In March 2018, IBM was awarded its sixth Climate Leadership Award in the program’s seven-year history – the first and only company to achieve such a distinction. At the 2018 Climate Leadership Conference – hosted by The Climate Registry, the Center for Climate and Energy Solutions, and the Bloomberg Philanthropies – IBM Vice President for Corporate Environmental Affairs and Product Safety offered reflections on IBM’s longstanding focus on responsible environmental stewardship.
Below is a digest of Mr. Balta’s remarks.
IBM has been in business since 1911. During our 107 year history, we have reinvented ourselves numerous times – from a company that made cheese slicers and scales, to a vertically integrated computer manufacturer, to a service-led global enterprise, to becoming the world’s leading cognitive solutions and cloud platform company for enterprises. What has not changed across our history is IBM’s commitment to corporate responsibility. Responsibility regarding climate change has been – and continues to be – an essential component of that commitment.
IBM was an early and unambiguous leader regarding climate change. In 1992, IBM became a charter member of a brand new U.S. EPA program that was named ENERGY STAR. IBM stepped up at the very beginning of ENERGY STAR when it only involved one type of product: the personal computer and its monitor. IBM and seven other computer manufacturers worked with the EPA to support the launch of ENERGY STAR.
Today, there are over 75 types of ENERGY STAR products, and over 2,000 manufacturers and 2,600 retailers producing and selling them. Furthermore, ENERGY STAR now involves not only products but also entire commercial buildings, industrial plants, and new homes. IBM continues to be involved with ENERGY STAR in 2018, driving energy efficiency of computer servers and storage equipment, just as we were at the very beginning 26 years ago. It has been one of many voluntary partnerships IBM has had with the EPA.

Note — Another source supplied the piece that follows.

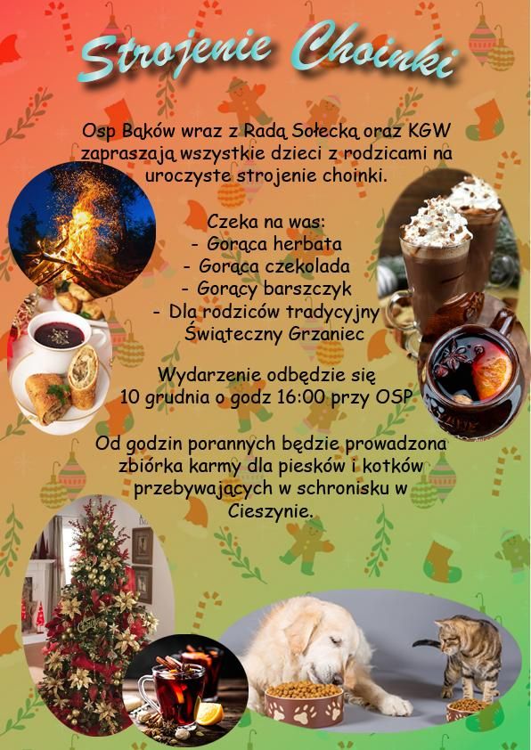 OSP Bąków wraz z Radą Sołecką oraz KGW zapraszają wszystkie dzieci z rodzicami na uroczyste strojenie choinki

Three years after we embraced ENERGY STAR, IBM became one of three manufacturers to voluntarily report its greenhouse gas emissions under the U.S Department of Energy’s Voluntary Reporting of Greenhouse Gases guidelines. While at the time it was primarily electric utilities that were reporting under this program, the fact that IBM could report its greenhouse gases in 1995 indicates just how early IBM had been paying attention to emissions.
Later in the 1990s, when IBM’s business still included the manufacture of microprocessors, IBM was instrumental in guiding a collaboration between the semiconductor industry and the EPA from which the industry agreed to voluntarily disclose and reduce its emissions of perfluoro-compounds (or PFCs). And in 1998, IBM became the first semiconductor manufacturer in the world to publicly declare a numerical PFC emissions reduction goal.
Skip ahead to today, and IBM has just achieved our latest CO2 emissions reduction goal four years early. That goal has been to reduce CO2 emissions 35 percent by 2020 against a base year of 2005. We reached 38.1% at year-end 2016. All of this and much more is articulated in IBM’s 27th annual voluntary Corporate Environmental Report.
Over the years, IBM has transformed its business from having once been a rather vertically integrated manufacturer into becoming increasingly reliant upon suppliers. In parallel, we have updated our requirements for suppliers – requiring them to set goals to conserve energy and reduce their greenhouse gas emissions, among other things. These requirements reflect IBM’s belief that addressing climate change requires action by all individual companies, that companies everywhere must build their own capacity to do this, and that accountability and action are best driven by deterministic data – real facts.
At IBM, we understand that it is essential to inculcate a long term, steadfast commitment in the environmental work that we do. It is essential to sustain sustainability, regardless of whether this particular topic is popular, and regardless of the short term ups and downs of business cycles. In the meantime, we continue doing what we always do: we dependably sustain our environmental commitment.
IBMers across the world continue innovating, inventing, collaborating, and finding ways to further reduce energy consumption and greenhouse gas emissions. And we’re always thinking about what comes next.
Wayne Balta is IBM’s Vice President of Corporate Environmental Affairs & Product Safety.